Reach Public Relations benefits the Big Buddy Program through a service-learning course

By Kelsey King, account executive

As members of Reach Public Relations, we learned a great deal about working with each other and our client the Big Buddy Program while creating a full public relations campaign throughout this semester in a service-learning course.

Our client aims to give economically, emotionally or educationally disadvantaged children a bright future by giving them a positive role model through a mentoring program. The organization served the community for more than 35 years and reached out to our agency for assistance in reaching a very specific audience.

Our campaign focuses on rekindling a mutually beneficial relationship between the Big Buddy Program and past employees, mentors, mentees, volunteers, etc. Big Buddy refers to these people as Legacies. Reach PR is helping Big Buddy find these Legacies within the Baton Rouge community and reach out to them to encourage them to give back to the organization through donating or volunteering.

This experience allowed us to complete each aspect of the ROPES process, allowing us to complete a one-year campaign to assist the Big Buddy Program. The campaign consists of strategic ways to reach out to the Legacies through social media, direct mail, traditional media outlets and more.
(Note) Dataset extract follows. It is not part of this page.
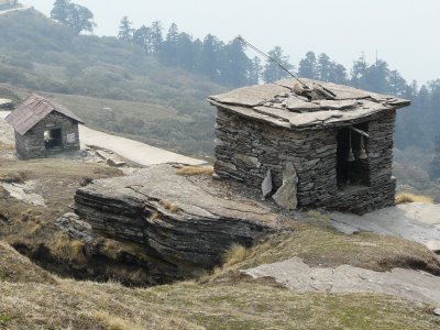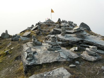 We stayed at a small hut on the way up called Dev Darshani (so called because this is where the temple above becomes visible for the first time). On the first day we went up to the temple as well as the peak (called Chandrashila Peak) about a kilometer above the temple (and just above 4000m elevation), before coming back down to Dev Darshani for the night.

We kicked off the campaign by hosting a bingo event that would be appealing to both Legacies and current members of the Big Buddy Program. We were thrilled to have mentors, mentees, LSU students and others in the Baton Rouge community attend the event.

We knew we were successful in our client’s eye when she spoke at the end of our kickoff campaign event. She shared how pleased she is with our work and how thankful the program is for having us assist them in reaching an untouched audience.

The opportunity to work for a “real client” that serves the community not only gave us real word experience in public relations, but it also gave us a better understanding of social issues in our community and our civic responsibility. We realize the importance of programs like Big Buddy and the services it offers to the children in the Baton Rouge area.

This experience also taught our agency how to work with others with a variety of personality traits. Not only did our five agency members learn to work with each other’s personality types, but we also learned our client’s personality and communication styles to complete each step of the campaign effectively and efficiently.

For more information on the Big Buddy Program, visit their website and Facebook.

Kelsey King is the account executive for Reach Public Relations. You can connect with her on Facebook, Twitter, Instagram and LinkedIn.

Working professionally and ethically with Big Buddy

By Ellen Leonards, writing director

Working professionally and ethically go hand in hand in the field of public relations (PR). According to the Public Relations Society of America (PRSA), “all public relations professionals should look to [the code of ethics] as a model of professional behavior.” The most effective PR practitioners are the ones who understand the importance of simultaneously working professionally and ethically. The Big Buddy Program is one example of an organization that is both professional and ethical.

 Professionalism

Professionalism, as defined by Merriam-Webster, is “the skill, good judgment and polite behavior that is expected from a person who is trained to do a job well.” In the field of PR, it is vital to work professionally at all times – from the way practitioners dress to the way they communicate.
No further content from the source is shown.